*What you should do*
Below this line is the material. Write out only its lines from the one containing "Šatní skříň Lynna LI 10 v" through the one containing "Stripping Pliers, Electrician", both kept, exactly.

+++ Data extract

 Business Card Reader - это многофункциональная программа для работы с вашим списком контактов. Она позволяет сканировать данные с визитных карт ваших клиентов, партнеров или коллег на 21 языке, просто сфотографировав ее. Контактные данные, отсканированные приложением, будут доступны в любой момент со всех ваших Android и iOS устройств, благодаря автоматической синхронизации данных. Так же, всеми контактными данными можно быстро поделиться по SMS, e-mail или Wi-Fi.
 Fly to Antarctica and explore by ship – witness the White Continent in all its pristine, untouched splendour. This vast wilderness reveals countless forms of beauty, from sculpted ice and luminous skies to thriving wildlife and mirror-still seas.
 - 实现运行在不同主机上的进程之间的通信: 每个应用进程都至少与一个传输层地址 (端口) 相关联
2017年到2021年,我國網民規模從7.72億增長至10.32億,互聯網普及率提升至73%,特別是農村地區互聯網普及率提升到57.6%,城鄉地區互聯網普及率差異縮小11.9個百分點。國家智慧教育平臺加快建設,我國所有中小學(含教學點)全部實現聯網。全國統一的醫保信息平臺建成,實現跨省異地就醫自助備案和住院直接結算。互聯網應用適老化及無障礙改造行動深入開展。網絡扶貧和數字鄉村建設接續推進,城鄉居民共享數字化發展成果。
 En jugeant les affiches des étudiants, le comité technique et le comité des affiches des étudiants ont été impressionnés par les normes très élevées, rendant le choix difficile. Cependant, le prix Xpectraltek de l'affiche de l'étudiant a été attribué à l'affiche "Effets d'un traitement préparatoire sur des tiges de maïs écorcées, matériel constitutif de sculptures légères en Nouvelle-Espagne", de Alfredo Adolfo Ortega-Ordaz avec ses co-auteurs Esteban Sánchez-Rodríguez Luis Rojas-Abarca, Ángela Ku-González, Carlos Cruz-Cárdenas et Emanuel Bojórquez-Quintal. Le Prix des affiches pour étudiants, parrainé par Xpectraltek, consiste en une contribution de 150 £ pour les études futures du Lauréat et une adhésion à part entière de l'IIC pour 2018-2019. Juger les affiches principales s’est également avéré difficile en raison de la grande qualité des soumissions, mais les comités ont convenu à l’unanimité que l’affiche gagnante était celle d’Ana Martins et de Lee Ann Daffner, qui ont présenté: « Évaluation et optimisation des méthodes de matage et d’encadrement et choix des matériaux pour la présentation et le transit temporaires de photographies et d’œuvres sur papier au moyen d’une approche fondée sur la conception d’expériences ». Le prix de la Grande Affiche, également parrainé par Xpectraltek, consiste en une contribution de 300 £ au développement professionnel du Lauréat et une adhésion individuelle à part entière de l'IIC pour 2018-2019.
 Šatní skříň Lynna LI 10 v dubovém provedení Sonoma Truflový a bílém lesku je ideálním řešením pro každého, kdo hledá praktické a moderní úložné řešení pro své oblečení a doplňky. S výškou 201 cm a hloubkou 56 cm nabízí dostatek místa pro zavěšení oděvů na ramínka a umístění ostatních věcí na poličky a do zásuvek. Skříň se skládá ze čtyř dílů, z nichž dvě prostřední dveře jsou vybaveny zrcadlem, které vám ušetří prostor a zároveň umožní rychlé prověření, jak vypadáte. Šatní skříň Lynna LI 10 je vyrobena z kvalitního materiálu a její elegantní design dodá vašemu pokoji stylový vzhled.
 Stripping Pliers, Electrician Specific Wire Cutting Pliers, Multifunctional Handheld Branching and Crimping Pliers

++++++
+++ Data extract

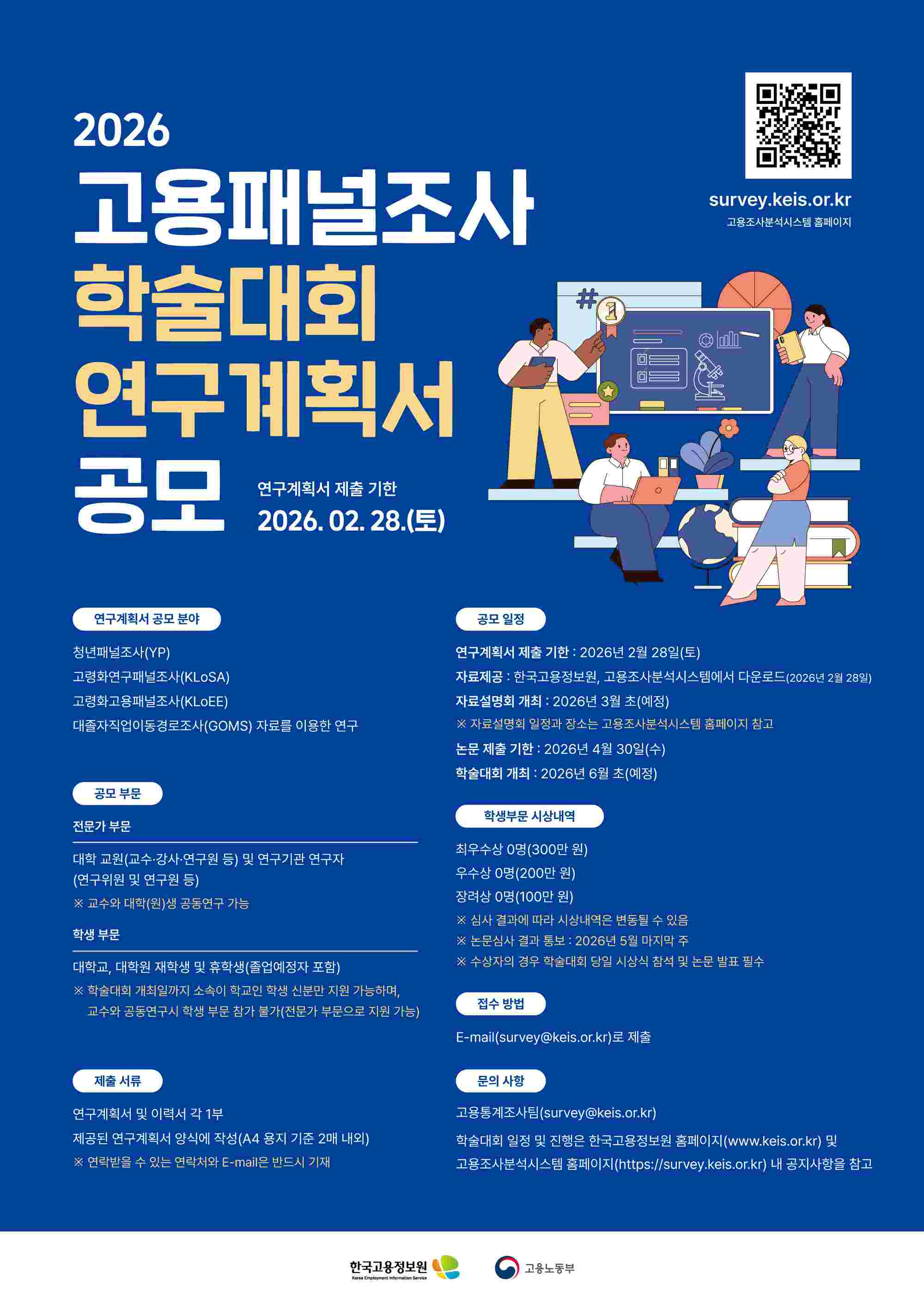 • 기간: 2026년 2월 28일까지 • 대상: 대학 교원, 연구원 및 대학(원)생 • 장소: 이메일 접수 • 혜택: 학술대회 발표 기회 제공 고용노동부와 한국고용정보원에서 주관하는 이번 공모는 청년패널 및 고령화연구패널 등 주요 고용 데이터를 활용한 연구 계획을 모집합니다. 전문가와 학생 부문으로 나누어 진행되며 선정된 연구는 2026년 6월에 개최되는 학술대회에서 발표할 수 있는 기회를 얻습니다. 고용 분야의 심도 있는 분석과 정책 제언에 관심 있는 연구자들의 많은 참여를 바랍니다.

++++++
+++ Data extract

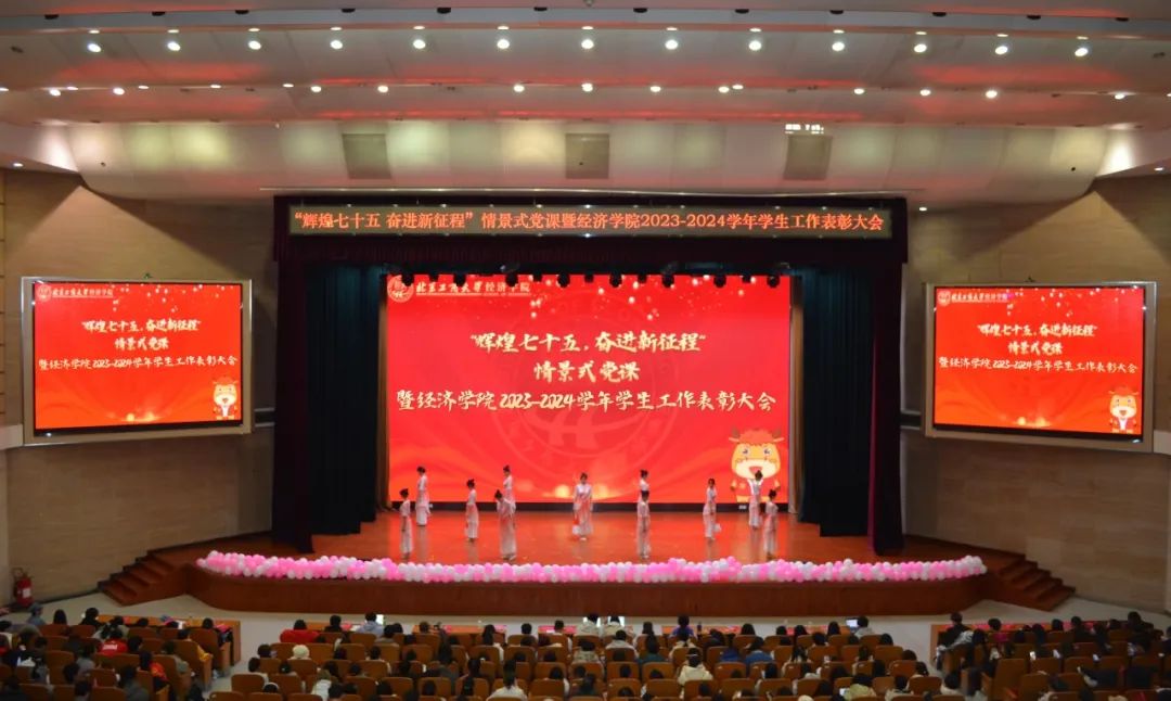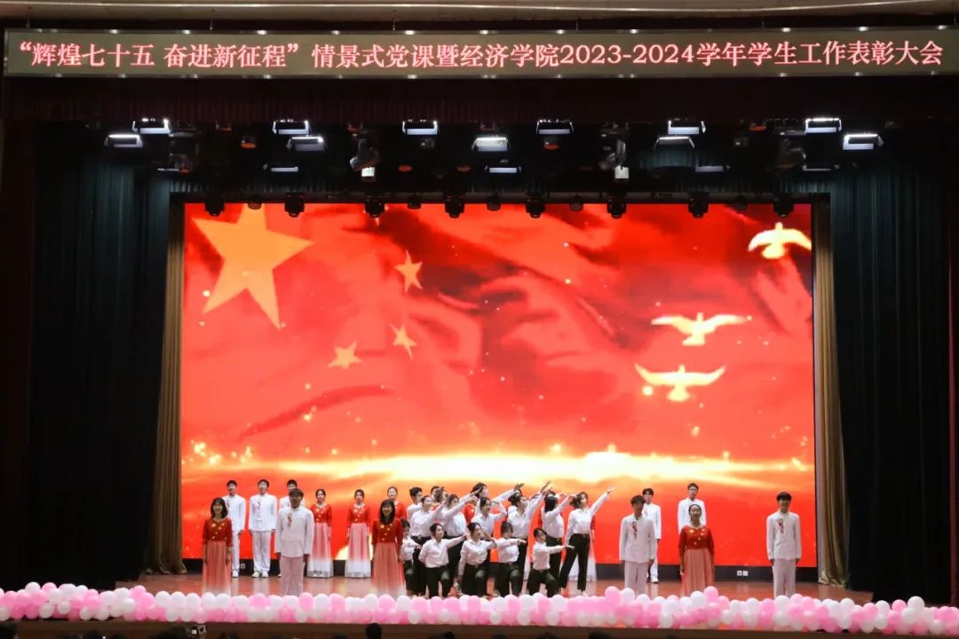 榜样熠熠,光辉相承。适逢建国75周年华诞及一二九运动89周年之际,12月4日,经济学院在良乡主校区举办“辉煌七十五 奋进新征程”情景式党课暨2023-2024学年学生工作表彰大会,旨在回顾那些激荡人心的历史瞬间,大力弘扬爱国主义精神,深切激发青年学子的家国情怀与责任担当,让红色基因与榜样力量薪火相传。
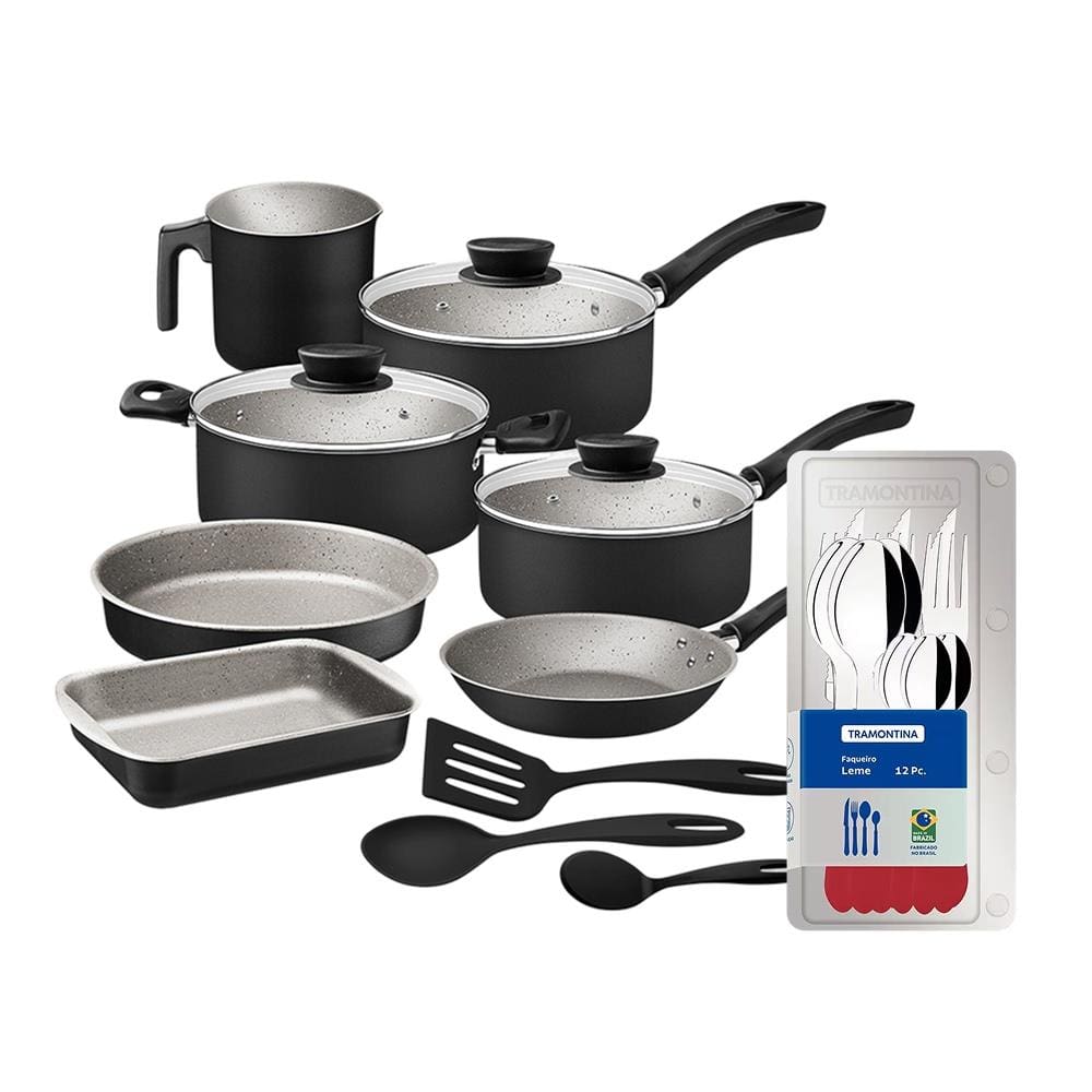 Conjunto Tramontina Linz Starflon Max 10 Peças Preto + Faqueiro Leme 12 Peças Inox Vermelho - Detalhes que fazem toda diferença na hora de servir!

++++++

*Result below*
 Šatní skříň Lynna LI 10 v dubovém provedení Sonoma Truflový a bílém lesku je ideálním řešením pro každého, kdo hledá praktické a moderní úložné řešení pro své oblečení a doplňky. S výškou 201 cm a hloubkou 56 cm nabízí dostatek místa pro zavěšení oděvů na ramínka a umístění ostatních věcí na poličky a do zásuvek. Skříň se skládá ze čtyř dílů, z nichž dvě prostřední dveře jsou vybaveny zrcadlem, které vám ušetří prostor a zároveň umožní rychlé prověření, jak vypadáte. Šatní skříň Lynna LI 10 je vyrobena z kvalitního materiálu a její elegantní design dodá vašemu pokoji stylový vzhled.
 Stripping Pliers, Electrician Specific Wire Cutting Pliers, Multifunctional Handheld Branching and Crimping Pliers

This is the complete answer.